French chef (born 1959)

Jean-Michel Lorain (born 7 January 1959) is a French chef. He is the owner of the restaurant La Côte Saint Jacques located in Joigny, department of Yonne in the region of Bourgogne. With his father Michel Lorain, he was rated 19.5/20 in the Gault et Millau and had three stars at the Guide Michelin from 1986 to 2001 and from 2004 to 2015. He has two Michelin stars since 2015.

== Michel Lorain ==
His father Michel Lorain was born in 1934, son of Marie Lorain, restaurateur who founded La Côte Saint Jacques in Joigny, Yonne in 1945. Michel Lorain began his training course with a pastry chef and then succeeded to his mother at La Côte Saint Jacques in 1958 with his wife Jacqueline, a wine waiter.

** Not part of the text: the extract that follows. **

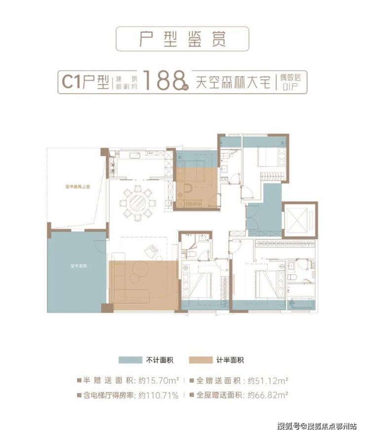目前热卖的 188㎡户型, 得房率高达约110%, 名副其实的“负公摊”!

In 1971, Michel Lorain received his first Michelin star and later a second one in 1976. The following year, La Côte Saint Jacques joined the hotel and restaurant network Relais & Châteaux.

==Biography==
Jean-Michel Lorain was born on 7 January 1959 in Migennes at 8 km of Joigny, the son of Jacqueline and Michel Lorain. He obtained a scientific high school final exam before beginning his training course with the famous brothers Pierre and Jean Troisgros in Roanne in 1977, and later at the famous restaurant Taillevent in Paris with the chef Claude Deligne in 1979.

He then made his military service, joined his father at the family restaurant for one year, and worked with the chef Frédy Girardet at Crissier in Switzerland in 1982 for a year and a half. In 1983, he came back at Joigny to join again his father Michel. He married Brigitte and they have two daughters, Marine and Alexandra.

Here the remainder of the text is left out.